If you'd want to query a single page, you'd query by the id field.
The id field is added to the page context (scroll up to createPage) and used in the query defined in the template.

// src/templates/page.js

export const query = graphql`
  query PageByID($id: String!) {
    markdownRemark(id: { eq: $id }) {
      html
      frontmatter {
        date(formatString: "MMMM DD, YYYY")
        title
      }
    }
  }
`

const Page = (props) => {
  return (
    <div>
      { props.data.markdownRemark.frontmatter.title }
      <br />{ props.data.markdownRemark.frontmatter.date }
      <div dangerouslySetInnerHTML={{ __html: props.data.markdownRemark.html }} />
    </div>
  )
};

export default Page

A couple things stand out in this snippet:

There is an exported const called query. This constant will be picked up by Gatsby, the query will be executed and passed as props.data to the component.
We see the $id parameter being injected into the query. As stated before, any parameter is being looked up via the page context. The page context is set during page creation in gatsby-node.js
Rather than using allMarkdownRemark which returns an array we use markdownRemark as Query type here. This makes sure a single object is returned

That's it, you know all you need to know to go play around with pages and queries!

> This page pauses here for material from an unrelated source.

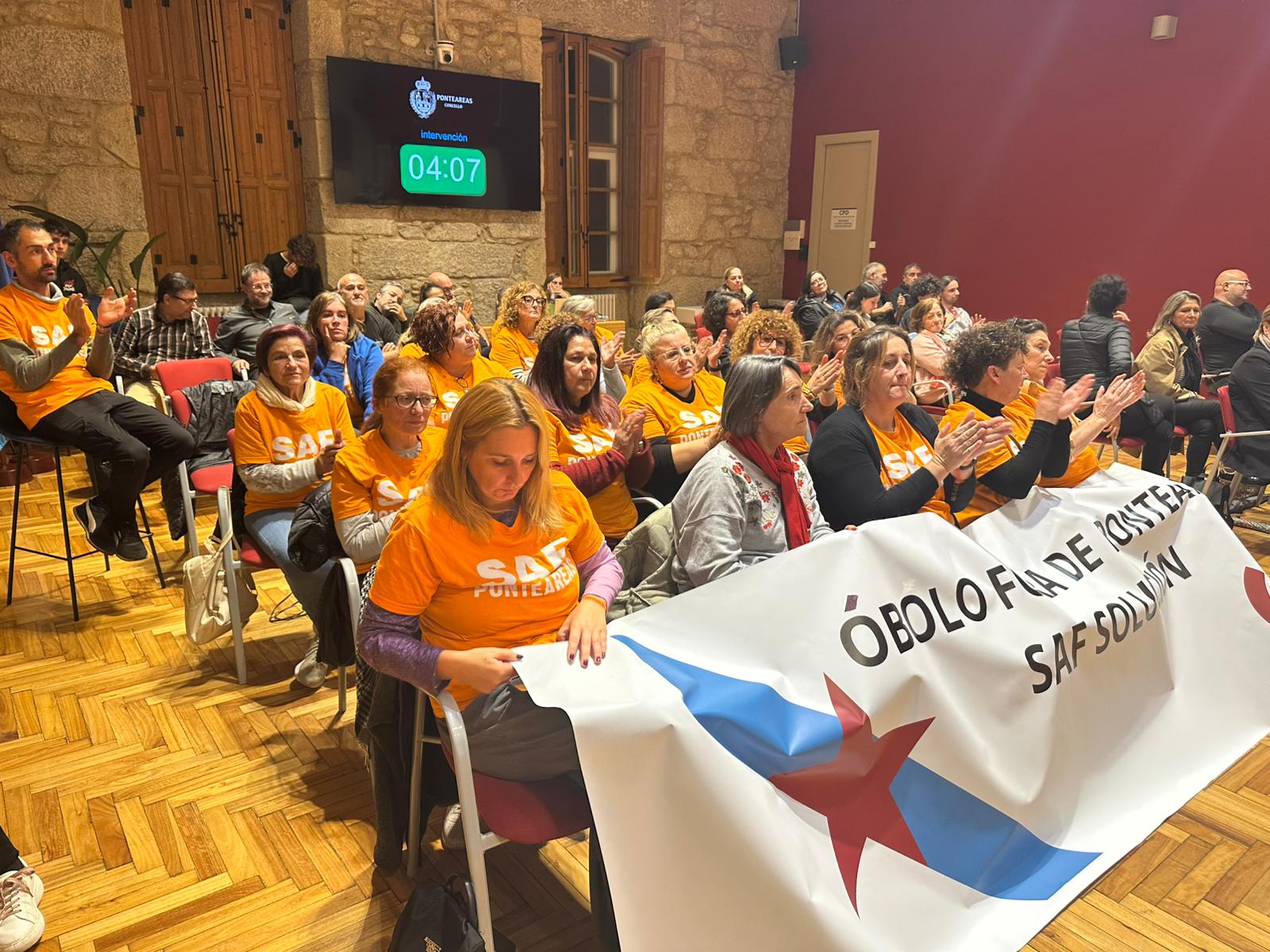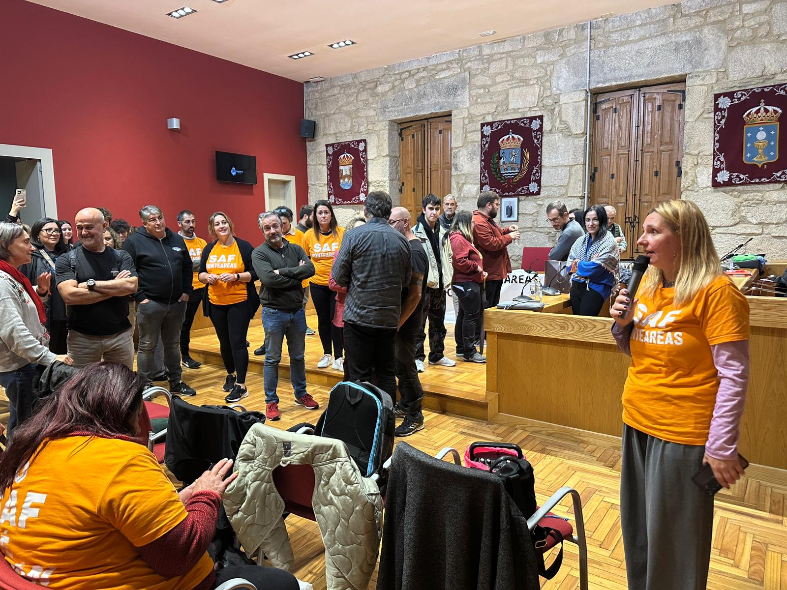 Xa preto da medianoite interveu unha representante das traballadoras, que criticou tanto a xestión do Goberno local como a actitude dos dirixentes municipais, que hoxe se limitaron a levar ao pleno unha proposta de sanción para a empresa tras constatar distintos incumprimentos do contrato. En canto á posibilidade de rescindille o contrato, o concelleiro responsábel escudouse no feito de que aínda que se fixese a empresa podería volver a prensentarse ao concurso e gañalo. Estas afirmacións, e alocución final da alcaldesa, Nava Castro, acusando as empregadas do SAF de falta de sensibilidade coas persoas usuarias do servizo encenderon os ánimos das persoas presentes, que interromperon a sesión ao berro de "Empresa culpable, Nava responsable". Tras o que a rexedora deu por suspendido o pleno ao superarse a medianoite.

Try to create some new content, content types or fiddle around with queries such as sorting by date.

🧪 Tip: if you are going to play around with the GraphQL be sure to turn on the GraphQL Playground by changing your npm develop script to "develop" : "GATSBY_GRAPHQL_IDE=playground gatsby develop". This allows you to use the more intuitive Prisma GraphQL Playground

This blog is part of a series on how I migrated away from a self-hosted Drupal blog to a modern JAM stack with Gatsby and Netlify CMS.